Further, since the antioxidant film is formed on the surface of the semiconductor substrate and the sidewall antioxidant film is formed on the sidewall of the groove, it is possible to form the silicon oxide film only on the bottom of the groove by the thermal oxidation method. After that, since the antioxidant film and the sidewall antioxidant film are removed, only the silicon oxide film can be left at the bottom of the groove. Therefore, it is possible to grow silicon oxide in the upper direction of the groove by using the silicon oxide left on the bottom of the groove as a selective growth seed.

[Brief description of drawings]

FIG. 1 is a manufacturing process diagram of an example.

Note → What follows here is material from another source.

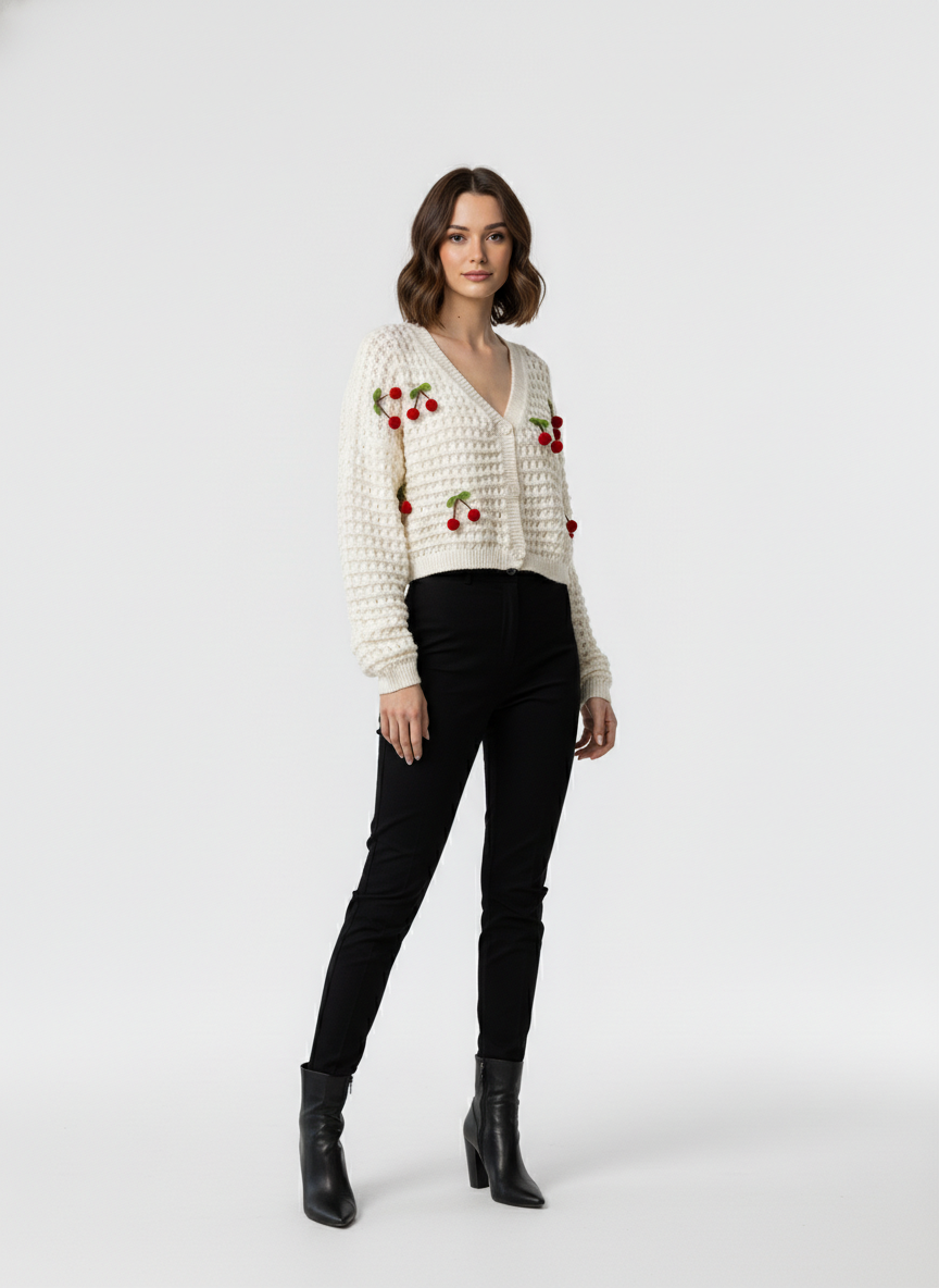 A cropped white open-knit cardigan with a V-neckline, button-down front, and red cherry pom-pom appliqués.

FIG. 2 is a process drawing of forming a silicon oxide film.

[Explanation of symbols]

 11 Semiconductor Base 12 Groove 13 Silicon Oxide Film 14 Silicon Oxide 15 Element Isolation Region 22 Antioxidation Film 26 Sidewall Antioxidation Film

Claims (2)

[Claims] 1. A first step of forming a groove in a semiconductor substrate, a second step of forming a silicon oxide film on the bottom of the groove, and a step of selectively growing silicon oxide on the silicon oxide film. And a third step of forming an element isolation region by burying the groove with the grown silicon oxide. 2. The method for manufacturing an element isolation region according to claim 1, wherein in the first step, an antioxidant film is formed on the surface of the semiconductor substrate, and then a groove is formed in the semiconductor substrate from the antioxidant film. Then, in a second step, a sidewall oxidation prevention film is formed on the sidewall of the groove, and a silicon oxide film is further formed on the bottom of the groove by a thermal oxidation method, and then the sidewall oxidation prevention film is removed. In the third step, a device isolation region is formed by selectively growing silicon oxide on the silicon oxide film and filling the inside of the trench with the grown silicon oxide. Method of manufacturing isolation region.